PRECIOUS METALS
Gold: August gold contracts are up 3.4% to $4,383, as oil fell on the US-Iran news. While still a framework, the deal is the most significant breakthrough and would see the Strait reopen. Oil prices have moved sharply lower in response, alleviating inflationary fears. Markets are expecting a hold from the Fed this week, but expectations of a hike later in the year have been priced out, with markets now pricing a hike for March of 2027. However, the two-year remains above 4%, a key signal that the bond market is not totally relieved from the recent news. Recent inflation data has reinforced a hawkish-leaning hold, but removed any immediate urgency to move rates higher. For now, price pressures have proven relatively transitory without presenting a durable second-round impulse.

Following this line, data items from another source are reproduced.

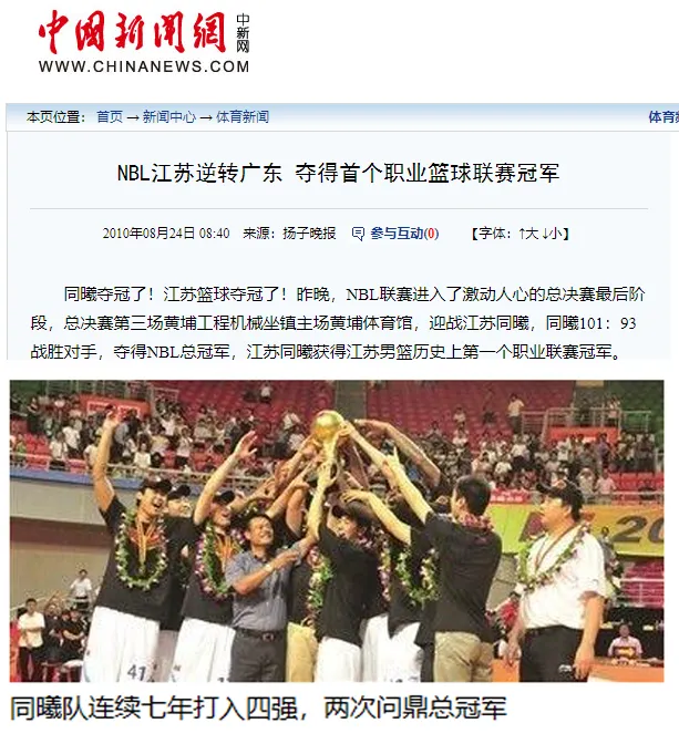 2010年8月媒体报道同曦男篮NBL夺冠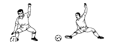铲球技术多用于对手已突破防线,防守队员又无法回到正面抢球位置时。关键因素是适时倒地,随便倒地会延误下一行动,并使本方即刻失去一名有用的队员。因此,应首先以脚底、脚背或脚内侧把球铲掉,如图9-20所示。在铲球时,首先考虑能否铲到球,其次考虑是否可能犯规,而且还要看所处的场区和比赛局面有无必要这样做。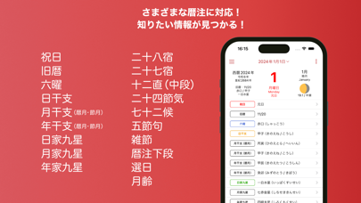 年暦から日暦まで、暦に関連するさまざまな情報をチェックできるアプリです。年間の祝日を把握したり、日干支や九星気学など占いで使われる情報をチェックしたりと、多様な使い道があります。
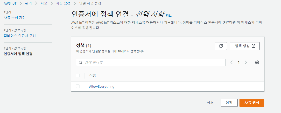 정책은 나중에 연결할 예정이므로 바로 사물 생성을 눌러줍니다.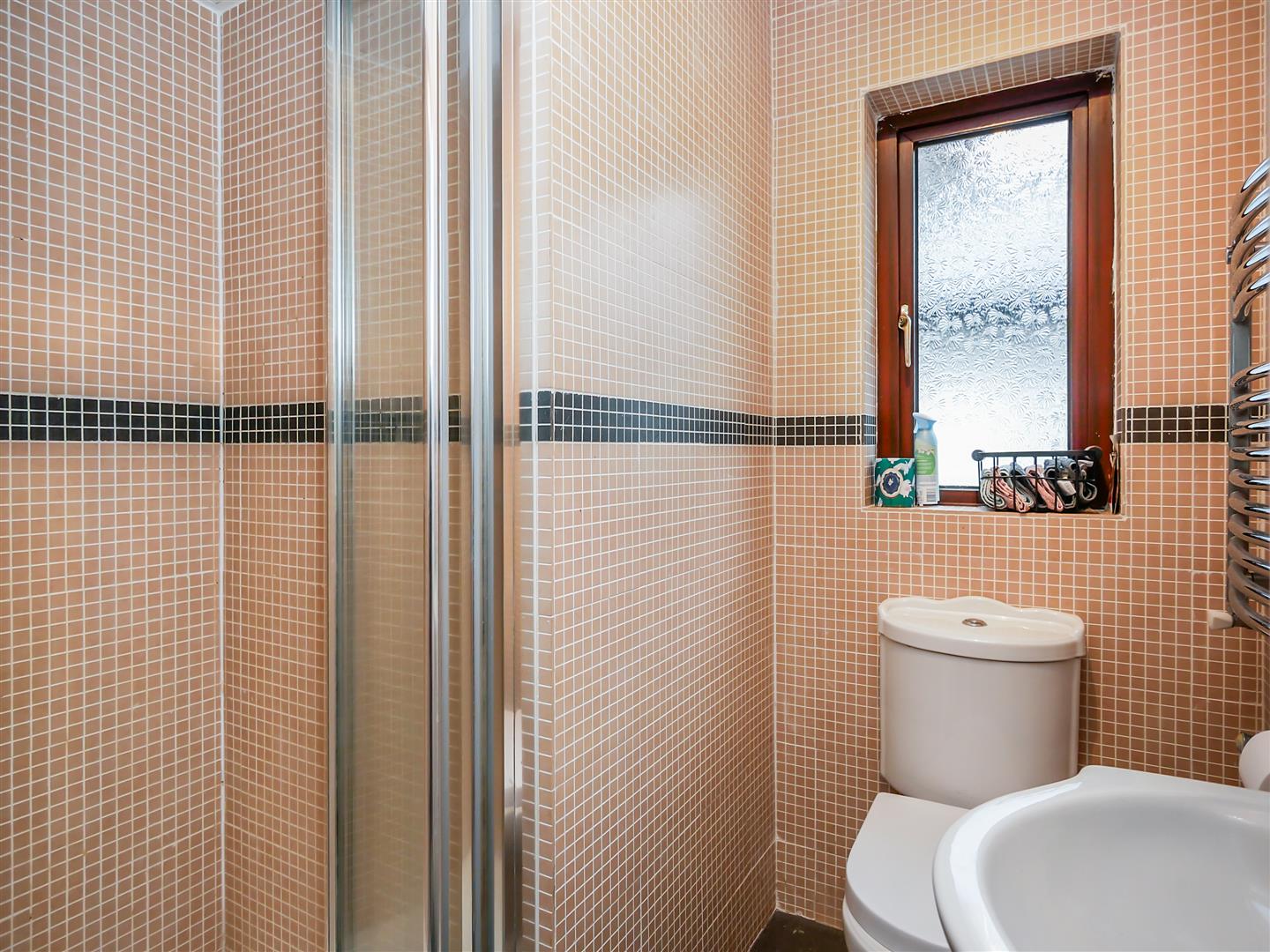 Comprising shower cubicle with shower unit with chrome shower attachment, wash hand basin with storage below, low flush w.c Fully tiled walls. Tiled flooring. Heated chrome towel rail. Laminate flooring.

Gold is trading as a pure macro asset, with an unusually tight inverse relationship to the dollar and US real yields, which should support the metal if they continue to fall further. With the inflation impulse from energy fading modestly and correlations with crude moderating, bullion’s near-term path is likely to be dictated by the trajectory of real yields and the dollar, meaning a more durable recovery probably requires either softer inflation expectations, lower yields, or a renewed bout of growth anxiety that revives safe-haven demand. For gold, reduced geopolitical uncertainty will direct risk-on flows away from the dollar, while lower oil prices should ease inflation fears.

Silver: Silver futures are up 4.6% to $71.12
BASE METALS
Copper: Copper prices rose on the US-Iran news. Benchmark three-month copper on the London Metal Exchange rose 0.4% to $13,748; COMEX copper prices are up 1% to $6.50. Traders are still awaiting a sizeable reduction in energy prices, though recent moves in oil have led traders across developed markets to scale back policy rate expectations over the next twelve months. Meanwhile, the dollar’s drop today is supportive of the broader metals complex.
LME warehouse levels continue to fall, as traders continue to look ahead to the end of June for the Trump administration’s decision over a potential tariff on copper. COMEX prices continue to trade at a premium to LME prices, which also offers some support to prices, as traders move copper from global warehouses to the US. Available stocks in LME-registered warehouses are at 226,975 tons. Falling inventories also continue to lower the discount of the LME cash copper contract to the three-month benchmark. Morgan Stanley recently noted that 15% tariff would continue to drive both COMEX and LME prices higher, with about 2.5% of annual copper demand going toward US stockpiling. The Department of Commerce is due to make a recommendation to President Trump on copper tariffs by the end of the month. However, no policy action could see prices and premiums come under pressure.
Zinc: Zinc fell 0.1% to $3,580.
Aluminum: Aluminum was down 3.0% at $3,430. The US-Iran agreement has improved prospects for deliveries from Gulf producers, even though shippers remain cautious on transit through the Strait.
Tin: Tin gained 2.1% to $54,875.
Lead: Lead rose 0.4% to $1,973.
Nickel: Nickel added 0.8% to $17,975.